We aim to bridge the current domain gap in visual-based deep learning solution in space activities by:

1. Generating high-fidelity Synthetic Data Leveraging state-of-the-art path-tracing and real-time 3D tools to create photorealistic synthetic data sets. This data will closely mirror real-world space environments, substantially improving the training and performance of deep learning models used in space applications.
2. Establishing a robust Simulation Testbed Introducing a versatile, real-time simulation environment integrated with an n-body simulation and a comprehensive software API. This testbed will enable the formulation and safe testing of various space activity scenarios, allowing for risk-free evaluation and refinement of visual-based deep learning models.

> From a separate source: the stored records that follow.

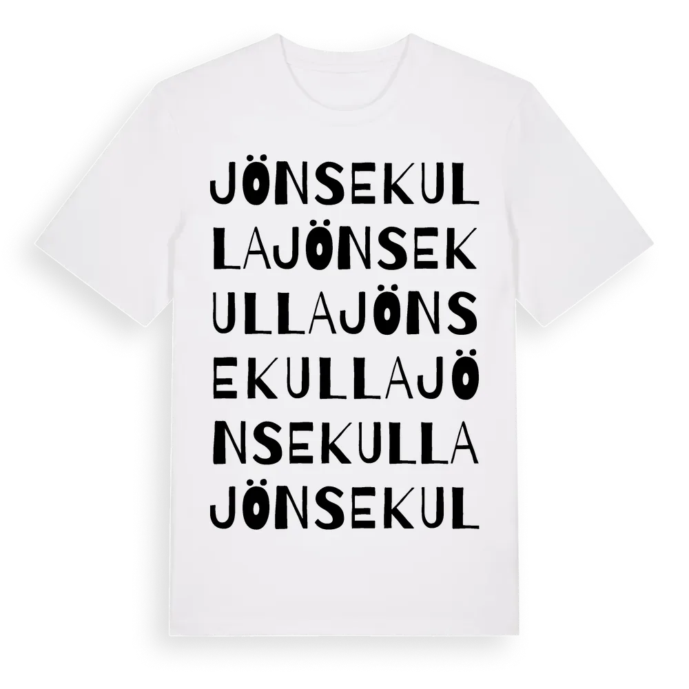 Jönsekulla ordlek t-shirt är inspirerad av Jönsekulla i Hallands län, Sverige. Tröjan är designad för dig som har en speciell koppling till platsen – oavsett om du bor här, har rötterna här eller bara älskar Jönsekulla.
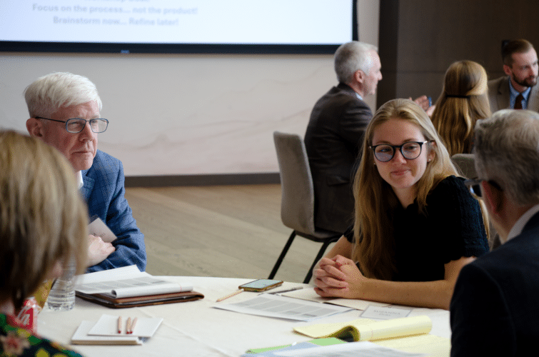 The conference included over 50 leaders from colleges and universities across the country, with representatives from Anselm House at the University of Minnesota, Chesterton House at Cornell University, and the Beatrice Institute at the University of Pittsburgh, among others. A highlight of the conference was a public panel discussion featuring John Boyer (University of Chicago), Sarah Schnitker (Baylor University), and Jonathan Brant (Wycliff Hall, Oxford University) on Virtue, Moral Formation, and the University.
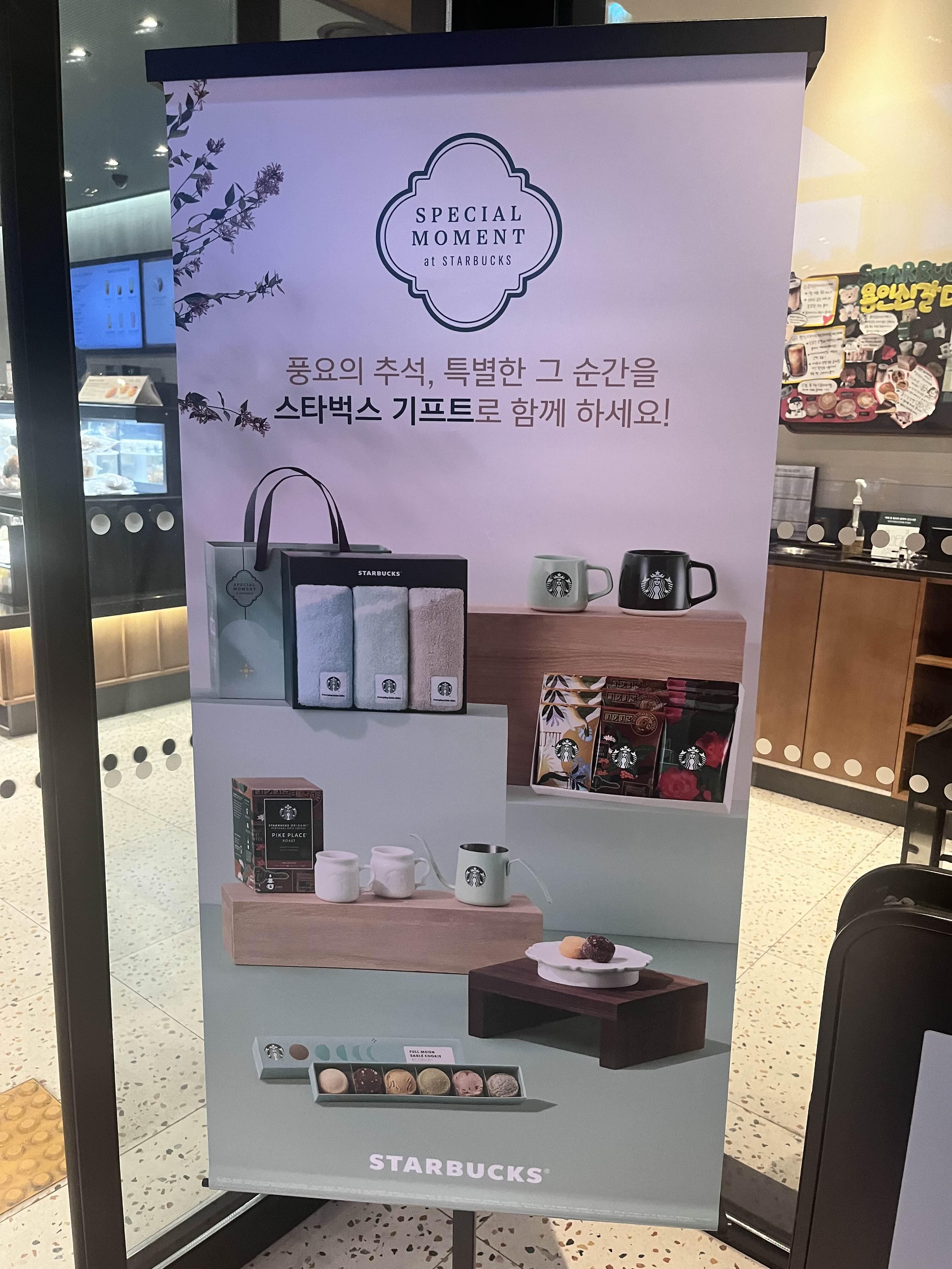 그래도 그 비를 뚫고 간 스타벅스에 입구에 추석 선물 배너가 크게 보여요.
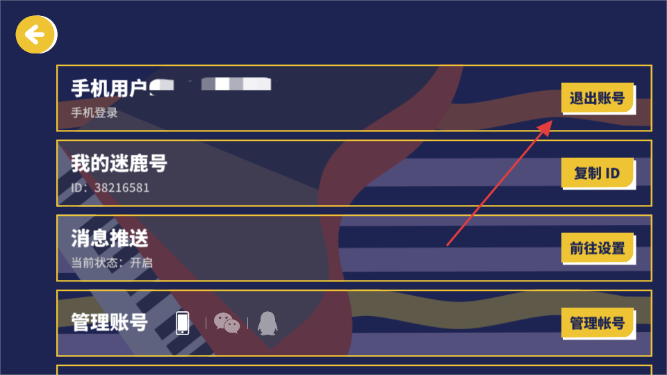 2、進(jìn)入設(shè)置界面后,找到手機(jī)用戶信息欄,點擊右側(cè)的退出賬號按鈕。

3. Innovating 6-Degrees-of-Freedom Pose Estimation Advancing current 6DoF pose estimation techniques by incorporating more robust keypoint detection, probabilistic Perspective-n-Point (PnP) solving, and solution deployment on space-grade edge devices like AMD Versal AI Edge. This innovation aims to improve automatic visual navigation in next-generation satellites, enhancing autonomous proximity operations' safety, efficiency, and success.

Our goal is to address and overcome the challenges of domain-specific training limitations and push the boundaries of what is achievable in autonomous space missions, aligning closely with ESA's vision of advancing space technology and exploration.